To protect ideas, expressions, and other intellectual capital, organizations have to manage their IP, because until protected, ideas and expressions are the property of no one. The speed and comprehensibility with which an organization moves to protect a good idea sometimes can be critical. This is true now more than ever with the Internet's super highway enabling ideas to travel at high speeds.


With competitive intelligence and monitoring of market trends, the same idea may be developed almost simultaneously by two or more organizations. The only organization that can maximize its capitalization of the idea is the one that has adequately protected it. But not all ideas can be protected by patents, as many will not satisfy the stringent patent requirements. Still, a trademark or other form of IP can protect most ideas. That is where IP management helps an organization decide on the suitable protection to set up legal traps around its competitive territory.


Developing IP management as a core competency involves much more than securing the right legal protection. It involves adopting the suitable IP strategy for competitive positioning, and exploitation of the IP rights in integrated markets. IBM is a company that developed IP management as a core competency. IBM first adopted a very aggressive patenting strategy, where inventions are patented regardless of whether they fall in a core technological area or not. To enable this strategy, IBM made licensing of noncore as well as core technologies its business. Patenting widely, IBM innovated a system of licensing in which reverse engineering is used to detect infringements of its patents and subsequently seeking licensees. In a decade, IBM raised its licensing revenue from $90 million to $1.5 billion.


Organizational Culture-The Main Enabler

 

The previously mentioned competencies cannot be developed without the support of the right organizational culture. Many surveys and reports have shown how the best knowledge, innovation, and IP management programs fail because of an adverse organizational culture. Organizational culture is the set of shared unspoken values that stem from the organizational philosophy and history, and affect its behavioral patterns. It implicitly defines and affects the way business is done and the attitude of management and other employees. It was discovered that whenever an organization's culture is contrary to the values presented by a new initiative or program, the latter fails, sometimes even before it is fully launched.

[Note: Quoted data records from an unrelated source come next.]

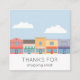 Modern small business discount cards with a row of cute pastel buildings. Use the template to add your personalized message.
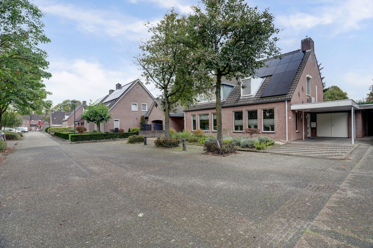 De voortuin is keurig aangelegd en aan de rechterzijde van de woning is een eigen oprit met carport aanwezig, ruim genoeg voor twee auto's te parkeren. Vanaf de oprit heb je directe toegang tot de voordeur van de woning of via de loopdeur naar de garage.
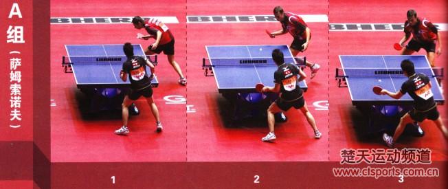 图B7-8中,萨姆索诺夫在二、四板衔接时电采用了同样的站位方法,但和水谷隼稍有不同。萨姆索诺夫身高臂长占有优势,反手位的护台范围更大,所以取位的时候比水谷隼更靠近球台的中间,这样在左手和右手对峙中,能更好地保护自己正手的空当。
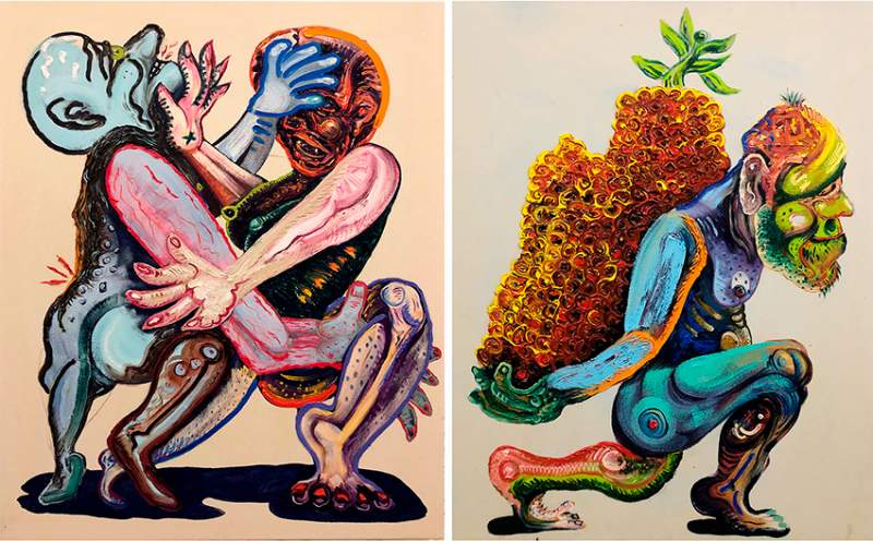 Ett färgstarkt måleri med kraftfulla penseldrag. Tjock oljefärg på stora dukar avbildar en grotesk, men också lustfylld, bildvärld befolkad av figurer med otydliga motiv, syften och existenser.  . . .  // Colourful paintings with powerful brush strokes. Thick layers of oil paint spread over large canvases portray grotesque – yet enticing – images, populated by figures of uncertain themes, purposes Read more about the exhibition www.vbm.se ⟹

For example, a culture that is permeated by top management's apathy toward employees' new ideas defeats all attempts to push innovation down in the organization, despite the best efforts of top management to communicate that they had a change of heart. No matter how many speeches top management gives to communicate their change of heart, entrenched organizational culture infuses a contrary message that defeats the initiative. If that culture conveys the message that to come up with new ideas is to be "a troublemaker," then no attempt by top management to champion this behavior will work unless clear steps are taken to change the culture. The impact of culture is so strong because it is rooted in an organization's "subconscious".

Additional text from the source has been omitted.